If $y=x^3-3x+1$ then $\frac{dy}{dx}=3x^2-3$. So $\frac{dy}{dx}$ at $(2,3)$ is $9$.

The equation of the line perpendicular and tangent to the curve is $y-3=\frac{-1}{9}(x-2)$ which when simplified is $9y+x-29=0.$

Answer 4

First, we need to find the slope of the line tangent to the curve at the point $(2,3)$.

• To do this, we need to find $\frac {dy}{dx}$ given $y = x^3 - 3x + 1$. $$\frac{dy}{dx} = 3x^2 - 3 = 3(x^2-1)$$
• So the slope of the tangent line is $\frac{dy}{dx}$ at $x = 2$: $\quad m = 3(2^2-1) = 9$.

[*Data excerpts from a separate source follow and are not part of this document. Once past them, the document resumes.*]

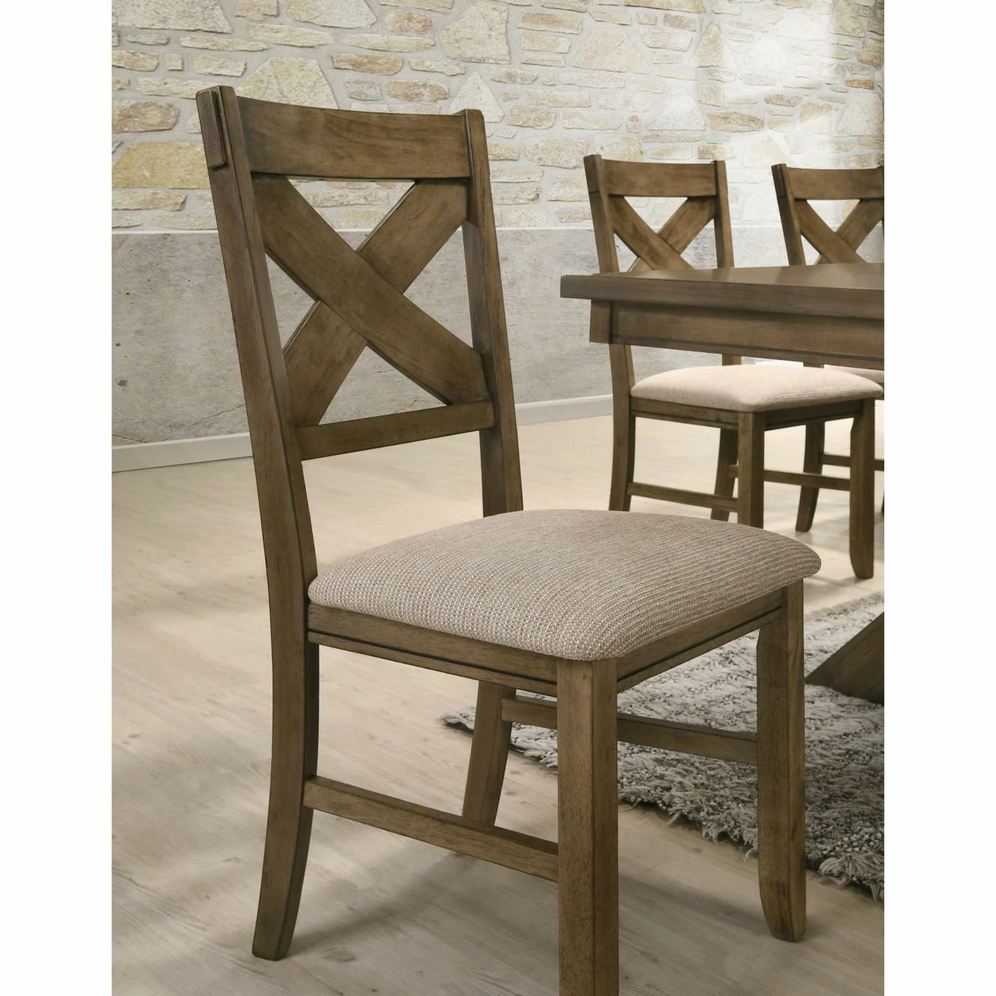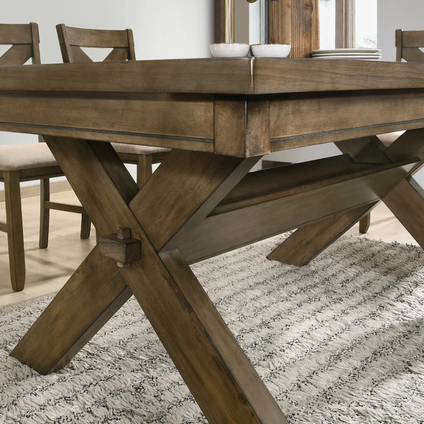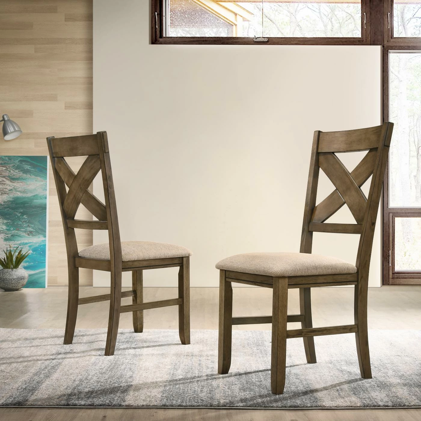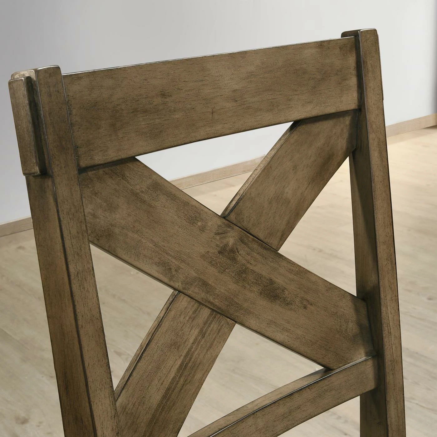 A distressed maple finish on the pieces in the Roundhill Furniture Raven 7 Piece Dining Set provides your space with farmhouse-chic detail. This dining set includes a dining table and six coordinating chairs, all constructed from solid rubberwood and engineered wood. The table features an X-shaped trestle base and butterfly leaf design. The armless dining chairs have a thick X-back, beige fabric upholstered seats, and tapered legs. Pair this set with other items from the Raven Collection for a complete look in your dining room.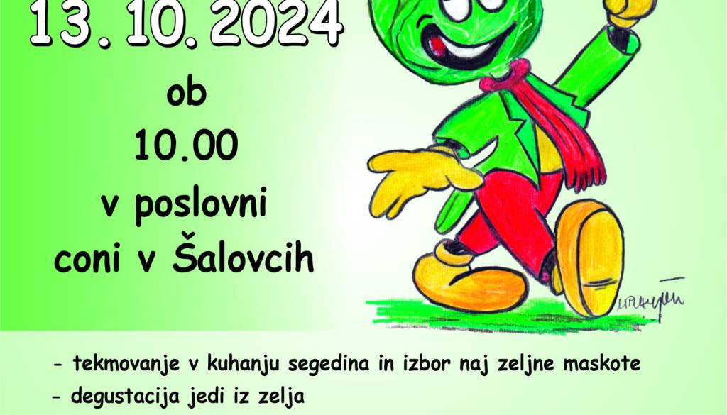 Degustacijske dobrote iz zelja bodo tudi letos dopolnjene z zanimivo gostinsko ponudbo domačih jedi, najmlajši pa se bodo zabavali na napihljivih igralih, zanje pripravljamo tudi animacijo in poslikavo obraza. Vstopnine ni. Organizatorji vabijo vse, ki želijo spoznati kulinariko in dodatno ponudbo vasi Občine Šalovci ter poskusiti jedi iz zelja.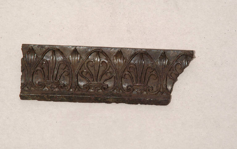 Cinque frammenti distinti di cornice con profilo a gola rovescia e motivo decorativo in rilievo, costituito da palmette alternate a foglie lanceolate
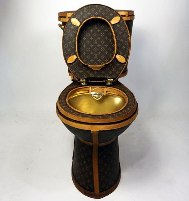 民间艺术家 Illma Gore 将24枚价值15000美刀的 Louis Vuitton 包袋彻底肢解,将皮革包裹在马桶上,里面还镀了金,售价100000美刀!!!好吧,现在连shi都拉不起了。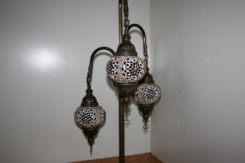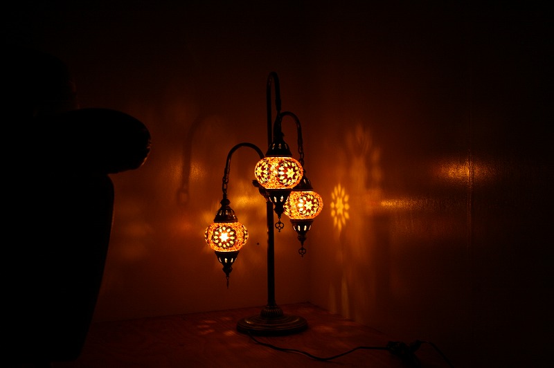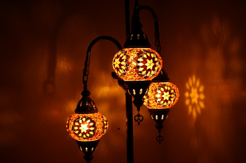 世界中のセレブも愛用、エキゾチックなトルコ製のモザイクランプスタンドシャンデリア3灯。

Next, given that the line tangent to the curve at $(2, 3)$ has slope $m = 9$, we know that the slope of the line perpendicular to the tangent is the negative reciprocal of $9$:

• $m_\bot = -\dfrac 19$.

Finally, recall that given the slope m of a line, and a point $(x_0, y_0)$ on the line, we can use the point-slope form of the equation of a line:

• $y-y_0 = m(x-x_0)$
• Given that the desired perpendicular line has slope $m_\bot= - \dfrac19$, and the fact that $(2, 3)$ is a point on that line, the desired equation is given by $$y - 3 = -\frac 19(x -2)$$

Answer 5

Given a function $f(x)=x^3-3x+1$ the gradient function would be $$dy/dx$$ ie $3x^2-3$ and at (2,3) the gradient function would be equal to 9 hence for a straight line $y=mx+c$ which is tangent to the curve at (2,3) $y=9x-15$ Since the perpendicular has a gradient which is the negative reciprocal of the tangent the equation would be $$y=-x/9 + (3+2/9)$$